NOW don’t get too excited or ahead of yourself but I recently became a family of four.
So no, no new man to make my household an even number – and add some balancing hormones in a house of women (however, if his name is either Adam Levine and/or Ty Burrell then that’s a whole new conversation).
And definitely no, even the mere suggestion of another child is enough to give me nightmares.
No, the girls’ younger half-sister Loghan came to stay for a week. As much as I hate calling her halfsister, that’s how I have to explain it otherwise people think Loghan is mine.
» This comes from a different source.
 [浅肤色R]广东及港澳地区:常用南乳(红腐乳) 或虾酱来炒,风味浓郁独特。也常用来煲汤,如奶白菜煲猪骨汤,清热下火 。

Not that I wouldn’t be happy to claim her as my own, of course.
Just so you can follow the rest of this (in case you didn’t already know) Loghan is the daughter of my exhusband Jace and his second wife Amanda.
And several years ago we decided to park our differences for the sake of all our girls and (sort of) operate as one family living in two homes.
Most of all to spare the three of them as much as possible from being the emotional collateral of divorce and separated families – and while it’s not perfect, we muddle along doing the best we can.
I truly believe if you can give your kids a safe and happy childhood, they are much more likely to become welladjusted, resilient adults.
And so sometimes LoLo, as we affectionately call her, comes to stay with us over a weekend – or longer if her parents are away.
And while she doesn’t have my genes, the apple didn’t fall far from the tree when it comes to her sisters.
She has Ayla’s temper and humour and Maya’s charm and kookiness – plus her own little case of youngest sister craziness.
As well as the endearing, overwhelming enthusiasm of the only child to whom everything belongs, whether it’s theirs or not.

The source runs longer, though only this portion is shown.